We don’t avoid risks—we manage them. That’s part of entrepreneurship.
Elizaveta Chupryna:
I see these as working challenges. Growth always requires new solutions—from managing large venues to launching new products.

Are there plans to expand internationally?
Elizaveta Chupryna:
For us, it is essential to show that Ukrainian professionals are not only capable of working within European institutions, but also of bringing real value to them. This must be done thoughtfully — through integration, through respect for the environment, while maintaining a clear understanding of one’s own expertise.
This is not a fast process. It unfolds through small, consistent steps taken by each educator: visibility, growth, communication, a presence on social media, and active participation in professional events.
Through conferences, media, and communities, we have the ability to amplify this message.
Our goal is to show the world that Ukraine is a strong educational nation.
This is our long-term vision for the next decade.
We believe in our people — in our women: strong, intelligent, and proactive. And we are confident that they are capable not only of integrating, but of strengthening the European educational landscape.
Oleksandra Seidametova:
Our goal is to build professional communities across Europe and integrate Ukrainian experience into the global landscape.
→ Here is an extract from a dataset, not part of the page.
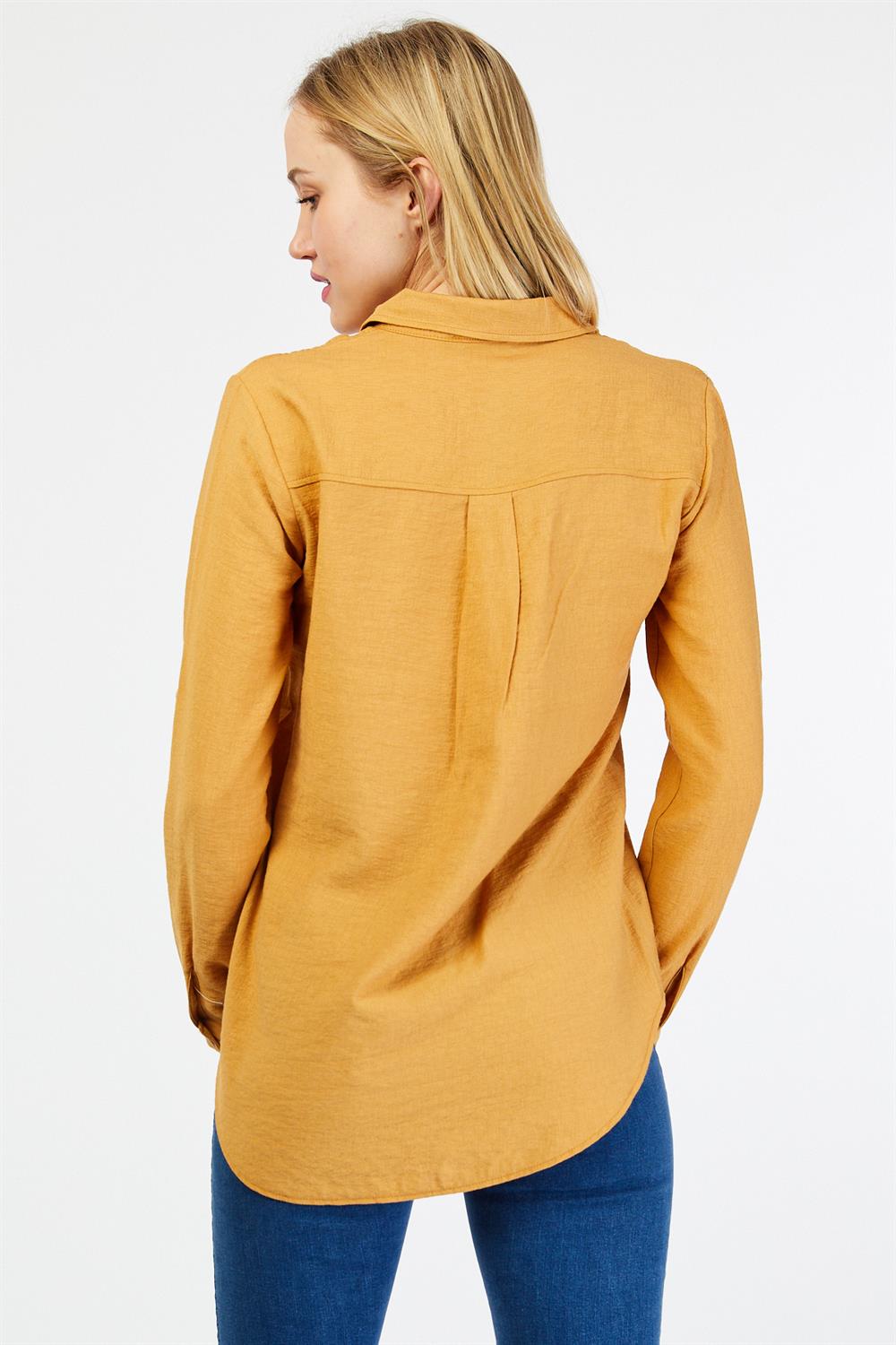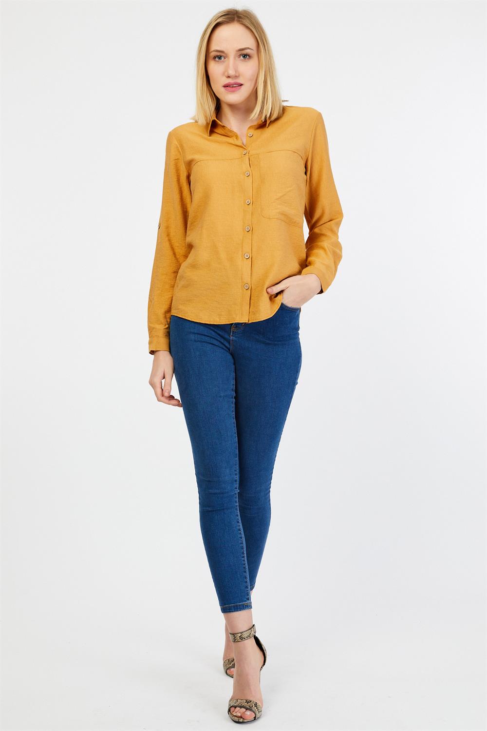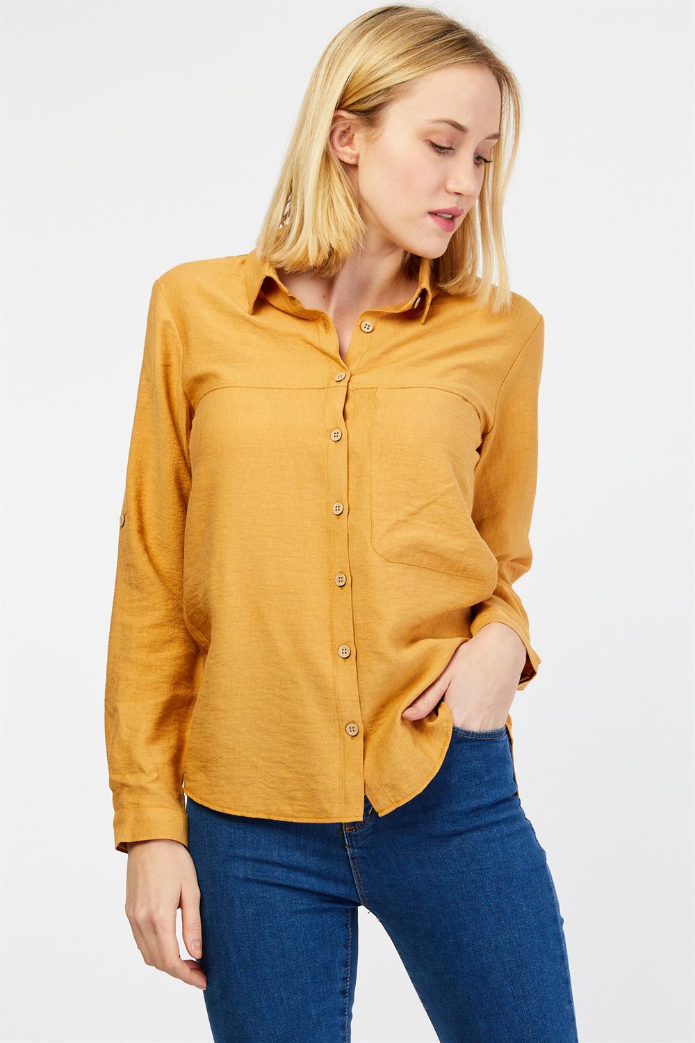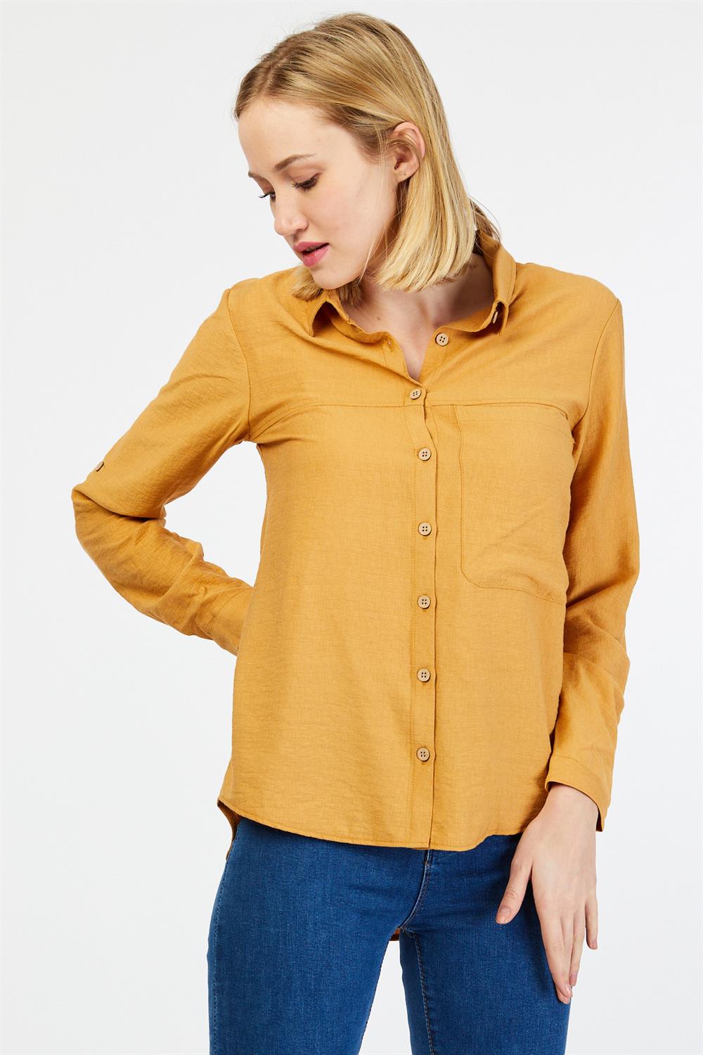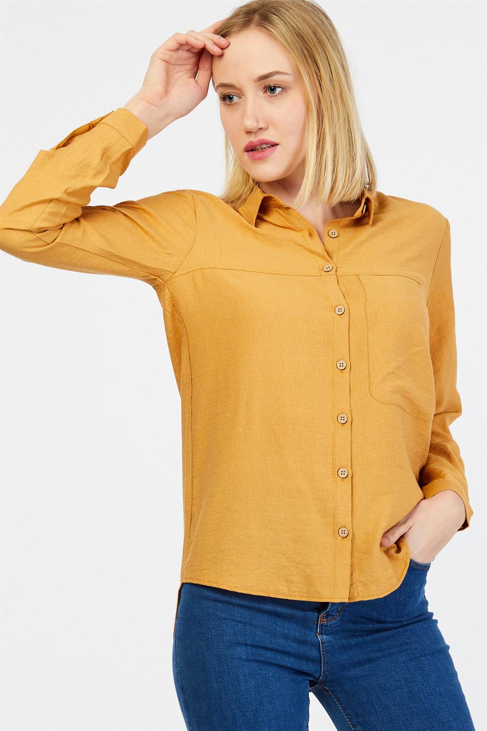 Ürün Özellikleri: Klasik yaka, tahta düğmeli, tam kalıp, uzun kollu gömlek.

We position ourselves as partners who bring value.
Tamara Zhukova:
This is a long-term strategy: through events, media, and communities, we aim to position Ukraine as a strong educational country.
Ukrainian education has clear strengths—flexibility, depth, and the ability to operate in complex conditions.
On the international level, we are not only integrating—we are shaping new approaches: sharing expertise, creating formats, and connecting professionals.
We see this conference as a platform that defines a modern educational culture—practical, adaptive, and scalable.